Fig 3 presents prediction accuracy for epidemic onset, duration, peak timing, and peak ILI+ magnitude for both forecast systems. These are tallied for all forecasts—individual strain and all strains—a total of 332,400 weekly forecasts (i.e., 831 weekly forecasts for each strain × 4 strains × 100 runs). Here we focus our analysis on *predicted* lead weeks ranging from -10 to 10 weeks; a positive lead (e.g. 2 wk) indicates the event (e.g., the epidemic peak or onset) is predicted to occur 2 weeks in the future from the time of forecast initiation; a 0 wk lead indicates the event is predicted to occur at the time of forecast initiation; and a negative lead, say -3 wk, indicates the event is predicted to have occurred 3 weeks prior to the forecast initiation. Forecasts with negative lead times may appear counterintuitive; however, accurate prediction that an event has passed is an important capability of a forecast system. In regions experiencing year-round influenza transmission, such as Hong Kong, multimodal epidemics, i.e. epidemics with multiple crests, are common (Fig 1). A forecast initiated after a smaller crest but preceding the overall peak may mistakenly identify that smaller crest as the peak and predict that the peak has passed, i.e. an inaccurate forecast with negative lead. Conversely, an accurate forecast with negative lead indicates that no spurious future increase in incidence is predicted. Therefore, forecast accuracy at negative leads also represents the ability of the forecast system to predict future epidemic trajectories.

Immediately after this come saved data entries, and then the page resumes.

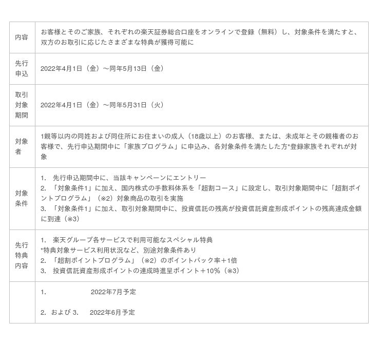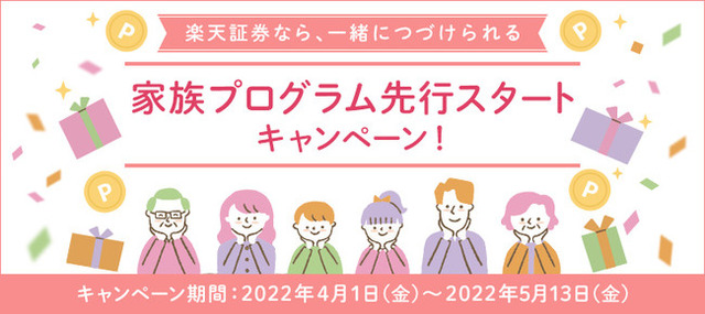 楽天証券株式会社(本社:東京都港区、代表取締役社長:楠 雄治、以下「楽天証券」)は、本日、2022年4月1日(金)より、「家族プログラム」の先行申込を開始したことをお知らせします。また、先行特典がもらえるキャンペーンも開始しましたので、あわせてお知らせします。
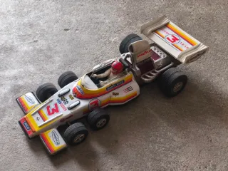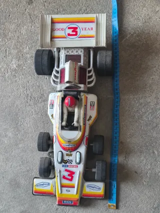 Réplica de coche de Fórmula 1 de la marca Rico. Presenta un diseño inspirado en los coches de competición de la época. - Decoración con logos de Goodyear y el número 3. - Detalles de patrocinadores como S.E.V. Marchal y Champion. - Figura del piloto con casco rojo. Juguete antiguo, coleccionista, comansi, bici, consola, Nintendo , play, PlayStation, sega, oferta, oportunidad, regalo, madelman, gijoe, motu, Nancy, famosa, hotweels, gisval, Tente, Lego, scx, Scalextric, exin, ninco, Gozan, Guisval, descatalogado, joya, plata, oro
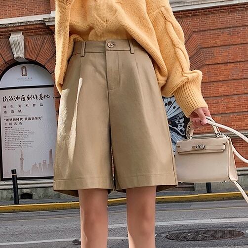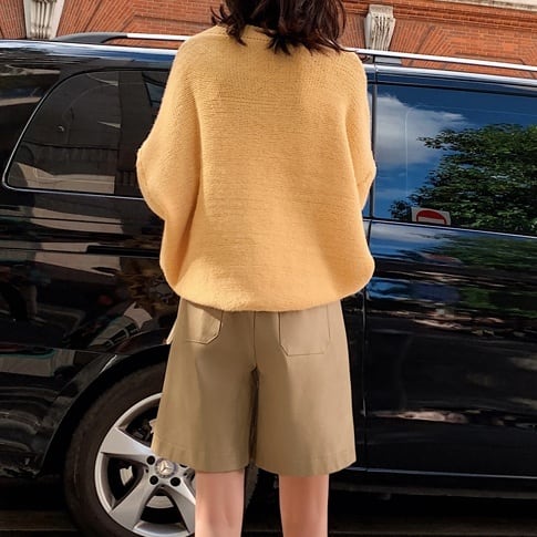大人可愛い雰囲気漂う、Aラインのミディアム丈ハーフパンツ

Accuracy was calculated over all forecasts (332,400 for each setting of the forecast system). This analysis includes the forecasts for seasonal H1N1, the 2009 pandemic H1N1, H3N2, B and all strains combined. Results are shown for the EAKF (red) and the PF (blue), evaluated using two standards (solid vs. dashed lines, as specified in the parentheses). On the x-axis, positive leads indicate that a peak is forecast in the future; negative leads indicate that a peak is forecast in the past; a 0 week lead indicates that a peak is forecast as the same week of forecast. Leads are relative to the predicted peak for forecasts of the peak timing, peak magnitude, and duration, and relative to the predicted onset for forecasts of onset timing.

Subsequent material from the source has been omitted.